A mix of agreement making – collective bargaining, awards
and individual agreements – provides necessary flexibility in a modern economy,
but all agreements must be fair to both employees and employers, and there must
be an adequate safety net for workers. It is true that collective agreements are often better
for workers, but that is not always so, and individual agreements are a part of
working life. Common-law protections are not sufficient for workers on
individual contracts. Statutory provision must also be made for them.

But we’ve got
to remember in all of this that the number of employees on AWAs still pales in
comparison to the number of employees on collective agreements. The AWA stats
released by the Office of the Employee Advocate may overstate the actual number
of persons on agreements because it counts the number of agreements, not people
on AWAs – one person may have had a number of agreements with the one employer.

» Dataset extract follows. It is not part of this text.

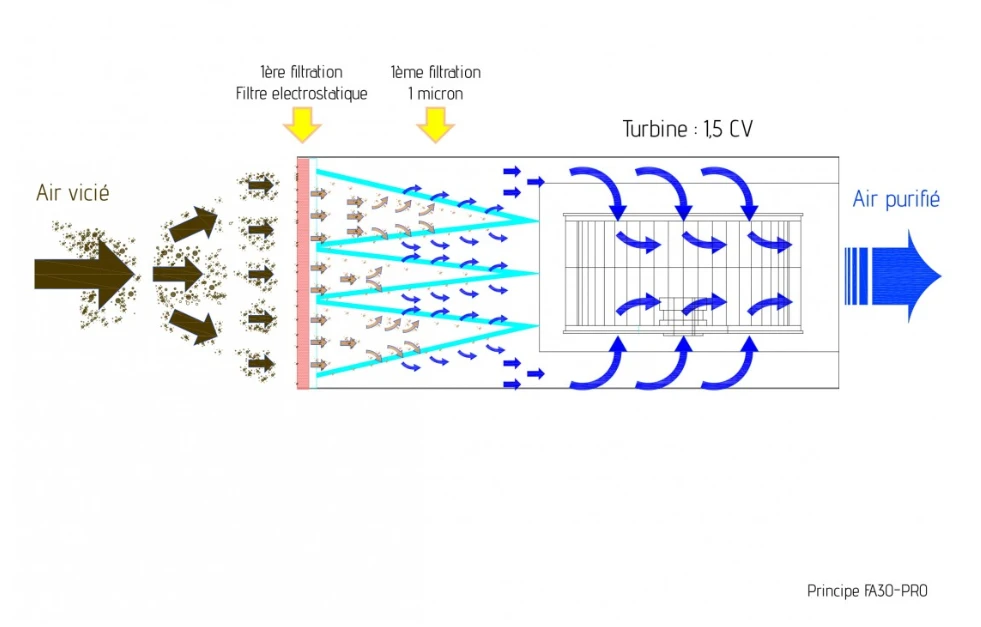 - Il est équipé de deux filtres dont un filtre électrostatique permettant d’éliminer 98% des particules de plus de 5μ et 85% de 1μ.
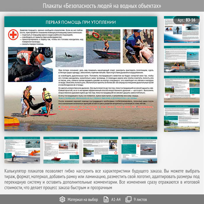 Плакаты «Безопасность людей на водных объектах» (ВЗ-16, 9 листов) в Химках купить

The figure also includes federal public servants who have no choice but to sign
up to an AWA if they want a job, a pay rise or a promotion.

Then there’s
the issue of awards. ABS figures show that less than 19% of employees
are award-reliant. The vast majority are on certified agreements or common law
contracts. Which takes us
back to Beazley’s attack. It’s good politics – but it would have been better
politics with more detail. The business attack and the Government’s defence of
its new system would have been harder to mount.